Collective insanity; Doing the same thing and expecting different result

By Adam Gosling*:

A study had evidenced that in excess of 60% of the sample had tyres that were under-inflated when compared to the vehicle manufacturers minimum inflation requirement. The subsequent study confirmed the prior evidence, more than one in every two cars was unsafe from a tyre’s perspective

 

If someone was to offer your business an increased income, with reduced effort and less hazard, would you refuse? Many people do. Why?
When an offer of reduced fuel consumption is made most people’s eyes light up. For a transport company a cost reduction of 1 – 3% is a not inconsiderable sum. When this loss reduction is then also tied to a decreased mechanical maintenance bill why are people staring the gift horse in the mouth and saying “no thanks.” Add a life improvement for tyres which also yields a reduced roadside break down rate, improving availability and productivity and one can only wonder why the bean counters aren’t all over this aspect of modern road vehicles in a flash.
Tyres of all sizes require the same maintenance, a simple low cost exercise, checking and maintaining the inflation level at the required and appropriate level.
A tyre’s prime function is to contain the air or inflation medium. A modern tyre does this so well that many people ASSuME (yes, it is written deliberately like that) the inflation pressure is okay BUT, in a lot of cases they are not. There is a saying that to assume makes an “ass out of you and me.” Not checking tyre inflation pressures on a regular basis is assuming the tyres are okay, how do you know? You ASSuME!
TyreSafe Australia has recently conducted a tyre condition survey on passenger cars prior to being serviced by a very large highly reputable organisation. As the vehicles were delivered to the service centre the tyres were inspected, tread depths measured and inflation pressures recorded.
A previous pilot study had evidenced that in excess of 60% of the sample had tyres that were underinflated when compared to the vehicle manufacturers minimum inflation requirement. The subsequent study confirmed the prior evidence, more than 1 in every 2 cars was unsafe from a tyre’s perspective.

Inflation factor

When a tyre is operated in an under-inflated state not only does the tyre wear out faster, the vehicle uses more fuel, the wheel bearings and drive-line life decreases but the braking and steering of the vehicle is impaired. So that when the driver looks up from their phone and realises the traffic in front has stopped and stamps on the brakes the vehicle will not react as the driver (and vehicle designer) expects.
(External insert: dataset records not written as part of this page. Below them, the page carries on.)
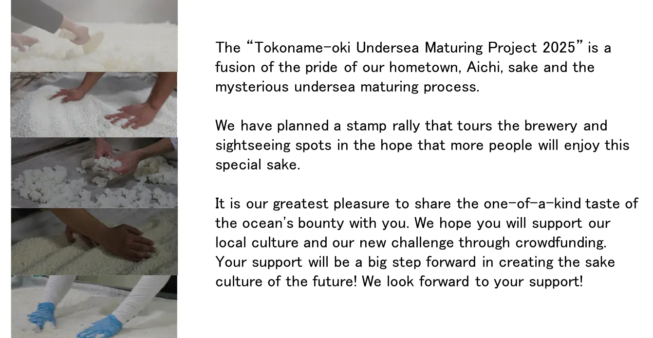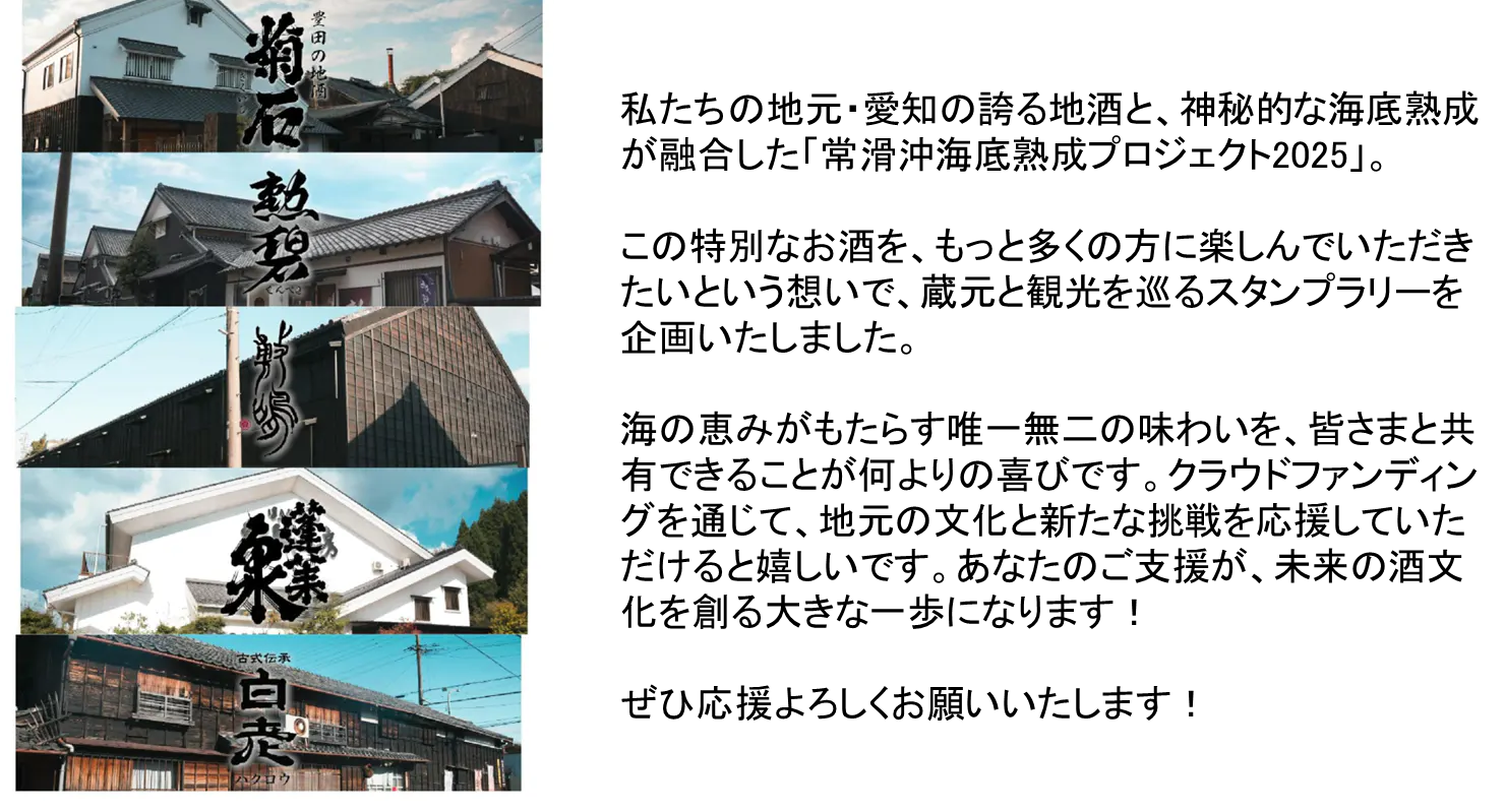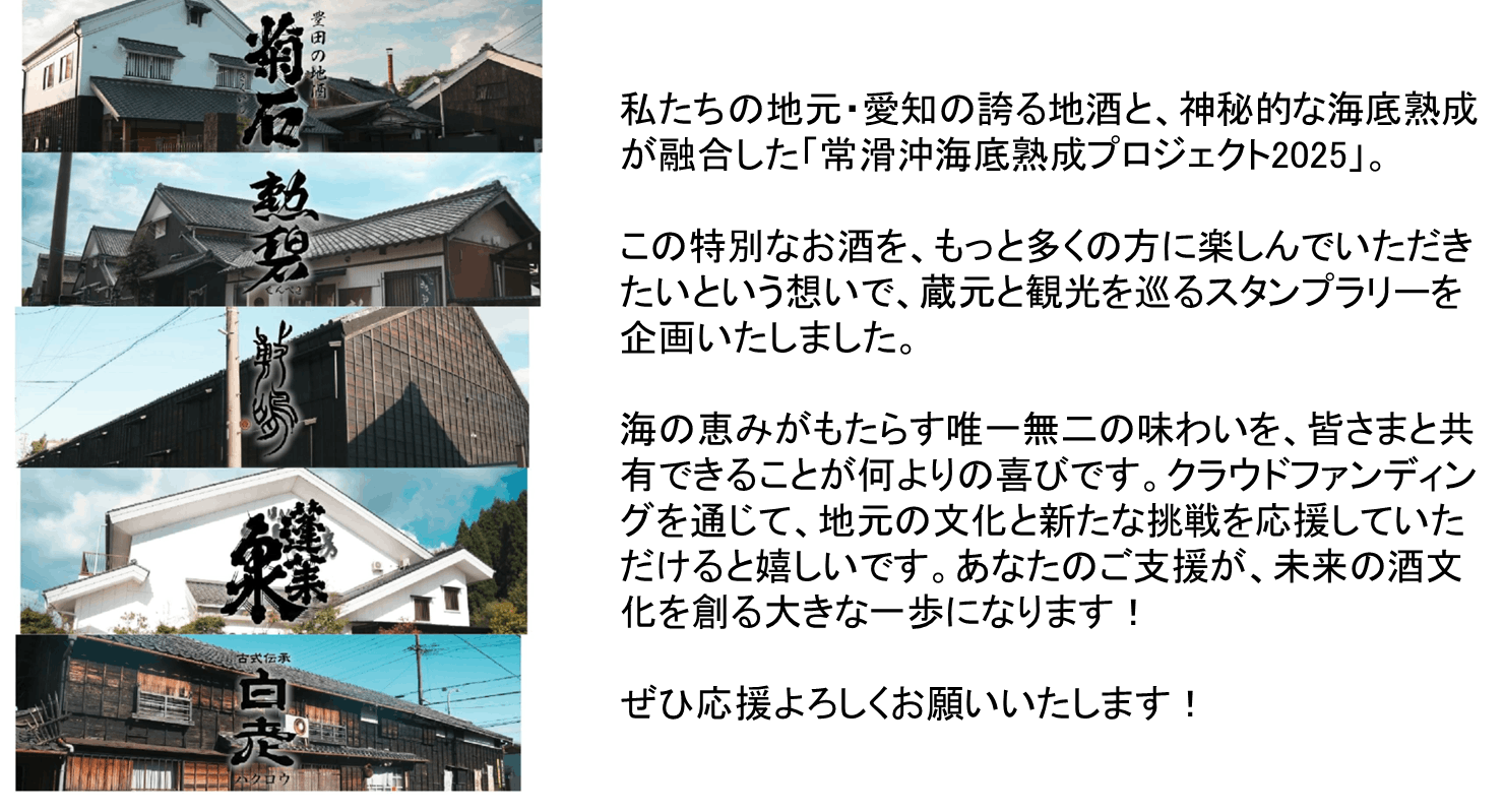 そこで私たちは、愛知県内の歴史ある酒造りと、日本酒文化の奥深さをもっと多くの人に知ってもらうため、「蔵めぐりスタンプラリー」や常滑鬼崎沖海底で熟成された珍しい「海底熟成酒」の体験イベントを開催する予定です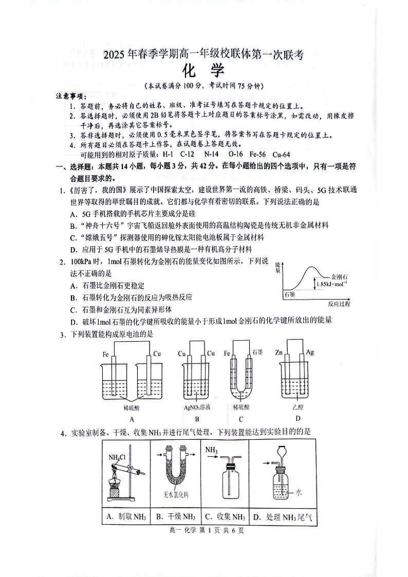 广西壮族自治区河池市十校联体2024-2025学年下学期高一第一次联考化学+答案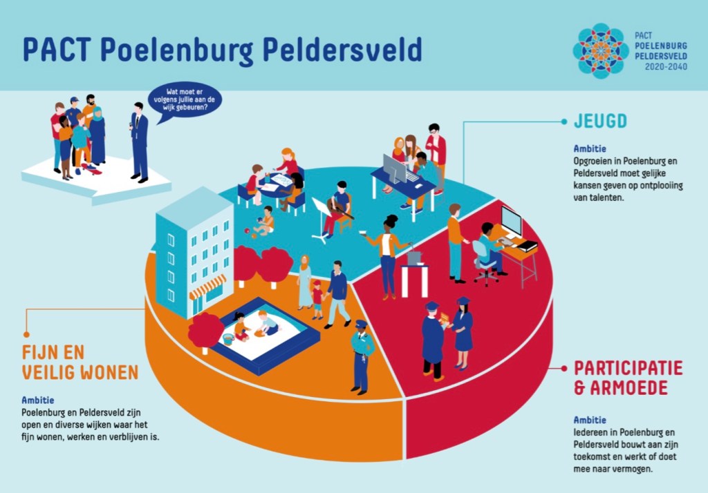 Al deze taaie vraagstukken worden aangepakt vanuit het PACT Poelenburg Peldersveld. De samenwerking tussen zo’n 30 partijen krijgt vorm door te werken vanuit de logica van de wijk, kort samengevat met ‘wat sluit aan en wat werkt’.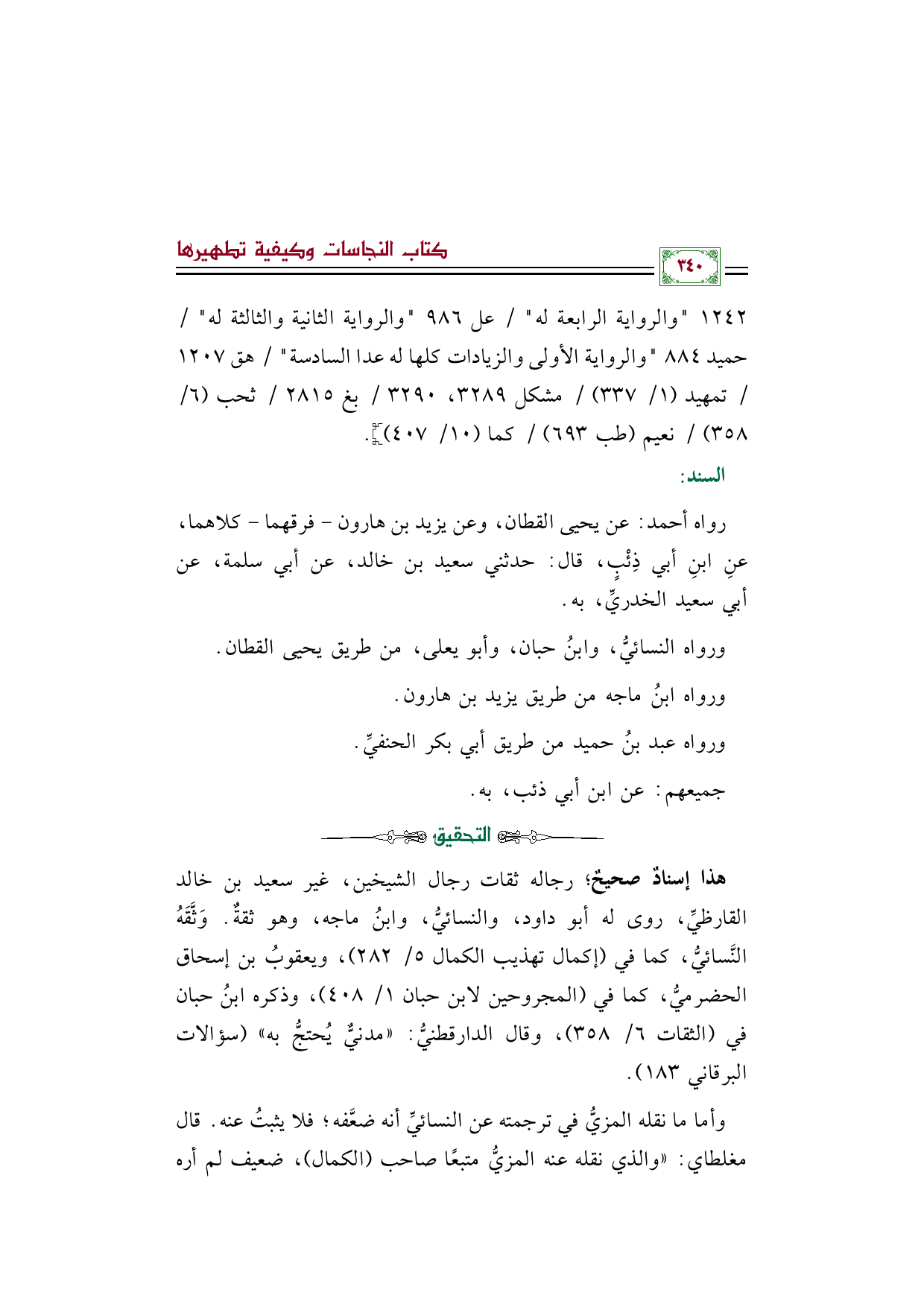 رواه (أحمد): عن يحيى القطان، وعن يزيد بن هارون -فرقهما- كلاهما، عنِ ابنِ أبي ذِئْبٍ، قال: حدثني سعيد بن خالد، عن أبي سلمة، عن أبي سعيد الخدريِّ، به.

If the tyres are not evenly inflated the vehicle may swerve into another lane even in front of oncoming traffic, at best it may just rear end the car in front.
The effort taken to verify the cars tyre pressures are correct takes less than 5 minutes a week. A very small investment for your own and that of your family’s’ safety.
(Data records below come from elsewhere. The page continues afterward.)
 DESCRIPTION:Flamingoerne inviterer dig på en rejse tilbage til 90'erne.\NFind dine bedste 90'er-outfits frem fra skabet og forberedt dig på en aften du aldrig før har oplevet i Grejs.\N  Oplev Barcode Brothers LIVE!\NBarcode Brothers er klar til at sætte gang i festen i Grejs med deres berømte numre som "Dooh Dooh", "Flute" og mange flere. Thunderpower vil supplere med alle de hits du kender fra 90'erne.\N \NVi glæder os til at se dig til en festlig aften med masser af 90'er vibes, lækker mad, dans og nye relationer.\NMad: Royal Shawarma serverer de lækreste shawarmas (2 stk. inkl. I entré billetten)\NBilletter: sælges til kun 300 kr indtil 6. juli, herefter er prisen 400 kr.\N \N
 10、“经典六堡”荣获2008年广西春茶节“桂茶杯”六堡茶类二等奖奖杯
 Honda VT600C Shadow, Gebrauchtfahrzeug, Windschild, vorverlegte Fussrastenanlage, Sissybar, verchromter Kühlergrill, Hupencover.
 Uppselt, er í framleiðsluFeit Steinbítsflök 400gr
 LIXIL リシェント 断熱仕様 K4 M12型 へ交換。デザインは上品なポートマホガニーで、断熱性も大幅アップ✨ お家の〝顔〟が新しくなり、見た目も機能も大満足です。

For a commercial trucking company tyre costs are amongst the highest, yet are the most uncontrolled. Fuel is highly regulated with records of the fuel dispensed readily available and the ECU computers on-board recording fuel burn. Many firms have driver scorecards when the lowest fuel burn rate becomes a competition along with reduced braking, collision avoidance and harsh steering. All these aspects are all based upon the tyre, if the tyre doesn’t perform because the inflation pressure is low then all these aspects will be increased.
When a tyre fails catastrophically it will wrought considerable damage to the vehicle as the tyre disassembles in motion.
With 20kg of tread rubber flapping around every revolution of the tyre the damage, to the mudguards, brake and air lines, electrical fittings is considerable even if the driver brings the vehicle to a stop quickly. At worst (and with particular reference to steer tyres) a total loss of control event may result in serious or fatal injuries and substantial property loss. The replacement fibreglass engine cover of a modern truck may cost upwards of USD$7000 to replace, because a $800 tyre has come apart. For a cab over truck the bursting tyre may well be directly under the driver’s seat.

A tyre may not fail after a single low inflation event but the structure of the tyre has been compromised and the retreadability of the tyre is downgraded.

Tyre structure

The tyres structure is compromised every time the tyre is run either under-inflated or overloaded, a tyre knows no difference. The main structural radial cords (body cords) fatigue and break resulting in what is known on the industry as a zipper failure. If a tyre has experienced an under inflation event (<80% specified cold inflation level) the tyre should be inspected by a competent tyre service person who knows what signs to look for. Just simply inflating the tyre is placing the person inflating the tyre as well as the driver and the general public in danger.

This short video produced by ATS Euromaster is the best explanation of the phenomenon. (https://www.youtube.com/watch?v=294Wu6O0uW0)

For the simple exercise of ensuring a tyre is appropriately inflated safety can be maintained AND income can be maximised.

For many years now electronic gauges have been available to measure engine and transmissions, pressures and temperatures. Many truck drivers laugh when I ask them when did they last open the engine cover, remove the radiator cap and use a thermometer to check the coolant temperature, they laugh hard until I ask them what is the difference in checking your tyres with a manual gauge? You have to stop the truck, check each tyre individually which of course takes time, just like checking coolant temperature with a thermometer! They stop laughing and change the subject.

Tyre pressures reveal many aspects of vehicle maintenance. A binding brake can be identified before it becomes a red hot hazard, wheel bearings in failure mode generate heat which affects the tyre pressures abnormally and even failing suspension components will affect tyre pressures as will out of specification alignment.
Why do so many ignore the low hanging fruit that is tyre maintenance? Why not install a pressure monitoring device that will repay the investment many times over without considering the reputational damage as a result of a poor safety record? How many engines have failed since the advent of engine temperature gauges in cab for the driver to observe? How many tyres continue to fail as a result of low pressure? Why?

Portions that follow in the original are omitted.